From the first line of the records below through the line with "Боксы Scuderia Ferrari", output each line exactly; skip the pictures.
Start of Dataset content
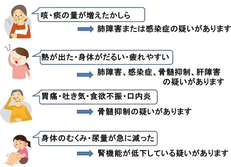 ※当院では、副作用についても患者さんに理解してもらうために、関節リウマチの治療が始まる前に、医師、看護師が患者さんへ服薬指導を行います。
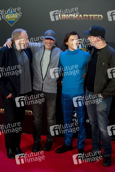 Charles Roven, Alex Gartner, Tom Holland und Ruben Fleischer bei der Premiere des Kinofilms 'Uncharted' im El Hormiguero. Madrid, 08.02.2022
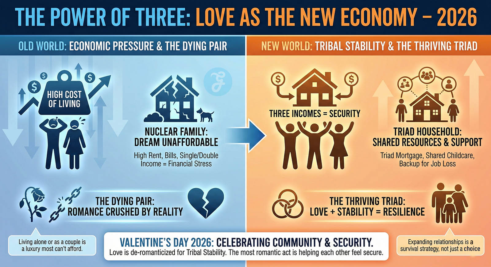 In 2026, living as a traditional couple is a luxury most can’t afford. The “Nuclear Family”… that dream of a house and a dog on a double income, has hit a wall of high rent and surging grocery bills. In this economy, the romantic “pair” has become an endangered species.
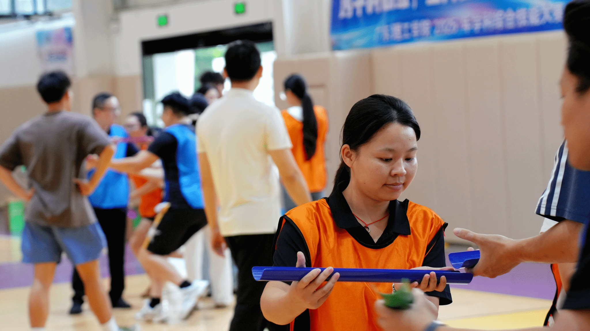 珠行万里接力:6人传槽,小球滚动,考验配合与耐心;队员们紧密衔接,动作协调,传递的不仅是球,更是信任与配合。
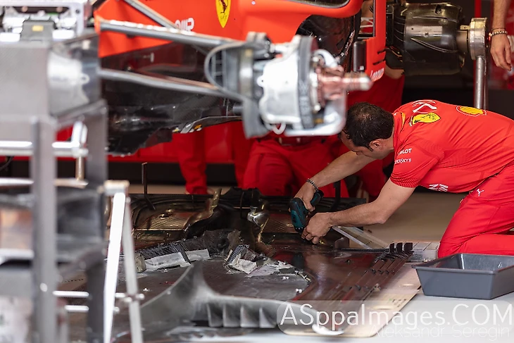 Боксы Scuderia Ferrari F1 Team, тоже редкий фотоснимок. Днище машин команды стараются не показывать конкурентам и всячески скрывают их. В данном случае работы были неотложные, поэтому пришлось работать “в открытую”. Достаточно хорошо можно разглядеть дно машины изнутри. Снято Canon EOS 5D Mark IV, Canon EF 70-200mm f/2.8L IS II USM, 98 mm, 1/400 sec., f/4, ISO 500, фоторепортаж с этапа “Формулы-1” в Монако, МАЙ 2019. © Фотоагентство ASppaImages ANO (АСППА ИМАДЖЕС АНО) Tel: +7 (968) 948-5103 email: aspressphoto@gmail.com Фотожурналист Александр Сереги
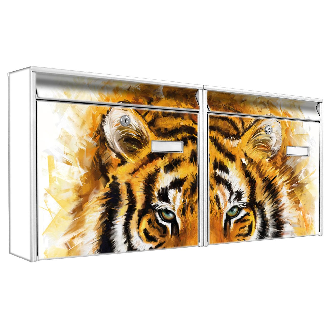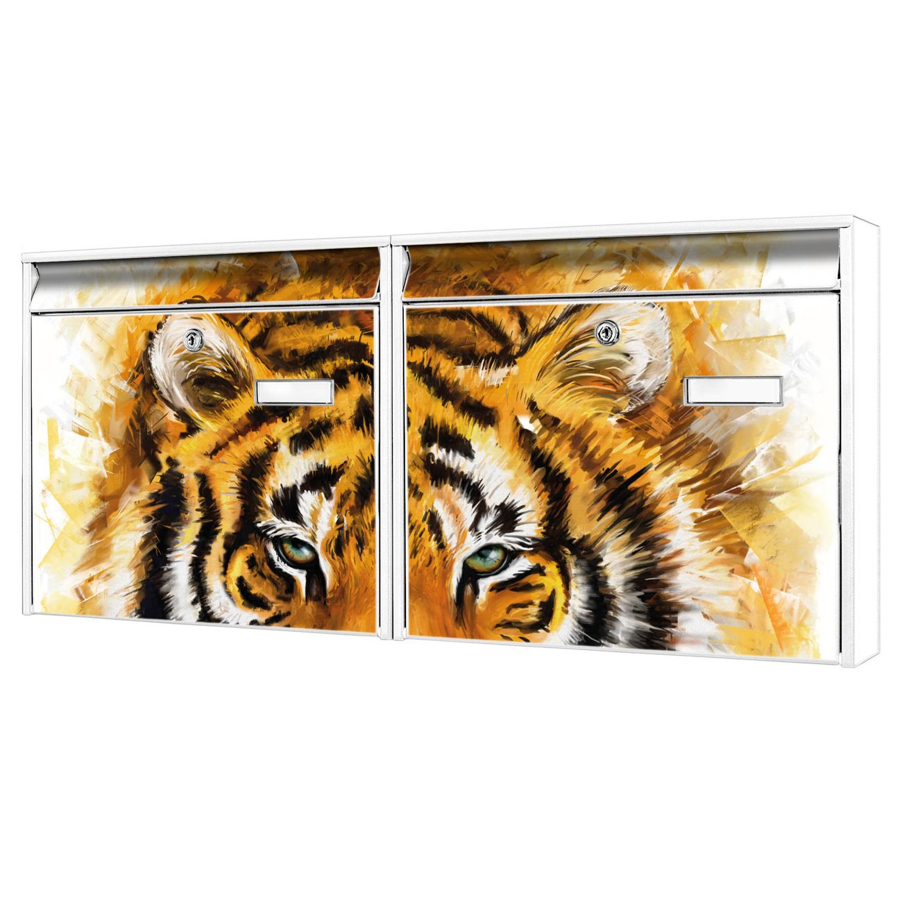 FUNKTION: Die Burg Wächter doppel Briefkastenanlage mit Motiv Tigerkopf bietet Ihnen ein großes Fassungsvermögen, sodass auch A4 Sendungen eingeworfen werden können. Das Namensschild lässt sich individuell beschriften. DESIGN: Die 2 Briefkästen mit Tigerkopf Motiv haben ein sehr ansprechendes und zeitloses Design. Heben Sie Sich von der tristen grauen Masse ab, ohne auf Funktionalität zu verzichten. Sie erhalten 2 Schlüssel sowie das Montagematerial. DETAILS: Der Doppelbriefkasten besteht aus verzinktem Stahl weiß. Er ist 72,5cm x 32,2cm x 10cm groß. Das Motiv besteht aus einer wetter- und UV-festen Folie, die Ihren Briefkasten zusätzlich vor Kratzern schützt. NUTZEN: Die stabile Bauart sowie die Wetterfestigkeit machen diese doppel Briefkästen zu einem zuverlässigen Begleiter im Alltag. Effektvoll in Reihe gehangen schmückt die Anlage jede Hauswand. BANJADO: Ihr Briefkasten wird in Sachsen in einer kleinen Manufaktur von Hand veredelt. Die Motivfolie ist lösungsmittelfrei und schutzlaminiert für einen langen Halt. Wir legen großen Wert auf die Verbindung von Funktionalität und Design. Sie erhalten Handarbeit aus Sachsen.
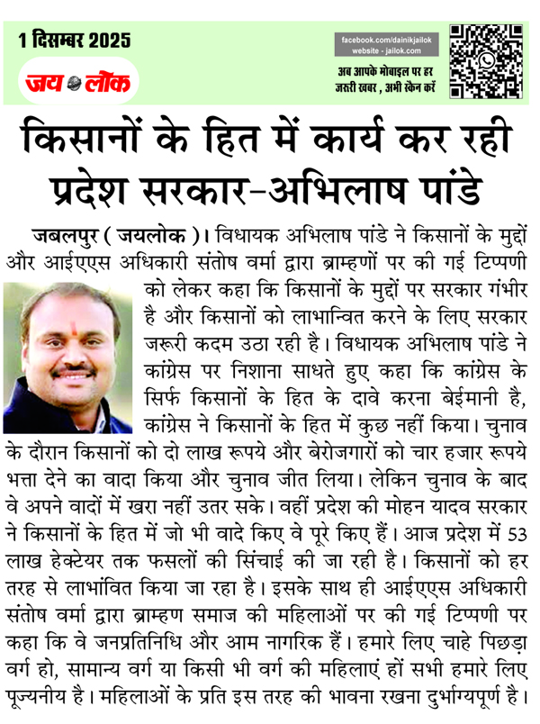 किसानों के हित में कार्य कर रही प्रदेश सरकार-अभिलाष पांडे
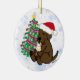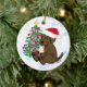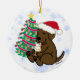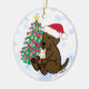 Personalised Chocolate Labrador Ice Cream Ceramic Ornament . Whimsical and cute Labrador Retriever Painting painted by Naomi Ochiai from Japan. A Cute Chocolate Labrador is licking Ice Cream as usual. Beautiful Christmas Tree is beside the pup. Nice Christmas Gifts for Chocolate Lab fans!
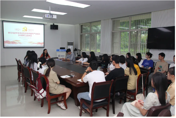 7月2日中午,糖心vlog 学生党支部组织毕业生党员集中学习习近平总书记在庆祝中国共产党成立100周年大会上的讲话,会议由学生党支部书记刘璇老师主持。会上,曹向涛等八名毕业生党员结合自身实际畅谈心得体会。
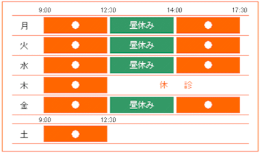 | (午前、午後とも最終受付は診察終了15分前まで) |
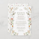 Mergulhe na elegância contemporânea com este cartão de detalhes rústico projetado para um romântico casamento botânico. Adornada com coroa floral entrelaçada com flores cor de laranja/prata vermelha, flores silvestres de outono e folhas verdes. Este cartão personalizável permite personalizar sua experiência de casamento, aprimorando a sofisticação geral de seu verão rústico ou celebração de outono.
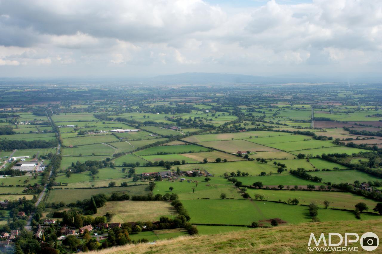 A patchwork of fields in Worcestershire. Taken from near the top of the Worcester Beacon in the Malvern Hills.
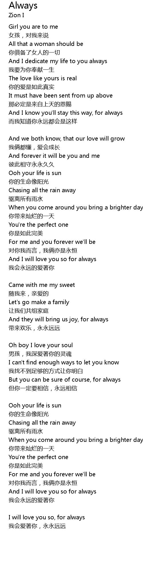 | And I will love you so for always | |
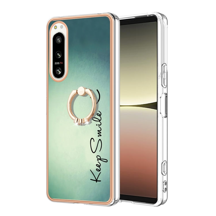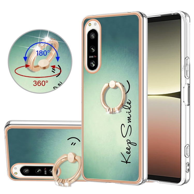 Funda para Sony Xperia 5 IV Galvanoplastia IMD Doble Cara con Soporte para Anillo (Sonrisa)
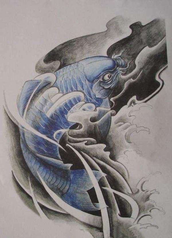 24张寓意富贵的锦鲤纹身手稿图案素材
End of Dataset content
* **Response to this exercise**:
 ※当院では、副作用についても患者さんに理解してもらうために、関節リウマチの治療が始まる前に、医師、看護師が患者さんへ服薬指導を行います。
 Charles Roven, Alex Gartner, Tom Holland und Ruben Fleischer bei der Premiere des Kinofilms 'Uncharted' im El Hormiguero. Madrid, 08.02.2022
 In 2026, living as a traditional couple is a luxury most can’t afford. The “Nuclear Family”… that dream of a house and a dog on a double income, has hit a wall of high rent and surging grocery bills. In this economy, the romantic “pair” has become an endangered species.
 珠行万里接力:6人传槽,小球滚动,考验配合与耐心;队员们紧密衔接,动作协调,传递的不仅是球,更是信任与配合。
 Боксы Scuderia Ferrari F1 Team, тоже редкий фотоснимок. Днище машин команды стараются не показывать конкурентам и всячески скрывают их. В данном случае работы были неотложные, поэтому пришлось работать “в открытую”. Достаточно хорошо можно разглядеть дно машины изнутри. Снято Canon EOS 5D Mark IV, Canon EF 70-200mm f/2.8L IS II USM, 98 mm, 1/400 sec., f/4, ISO 500, фоторепортаж с этапа “Формулы-1” в Монако, МАЙ 2019. © Фотоагентство ASppaImages ANO (АСППА ИМАДЖЕС АНО) Tel: +7 (968) 948-5103 email: aspressphoto@gmail.com Фотожурналист Александр Сереги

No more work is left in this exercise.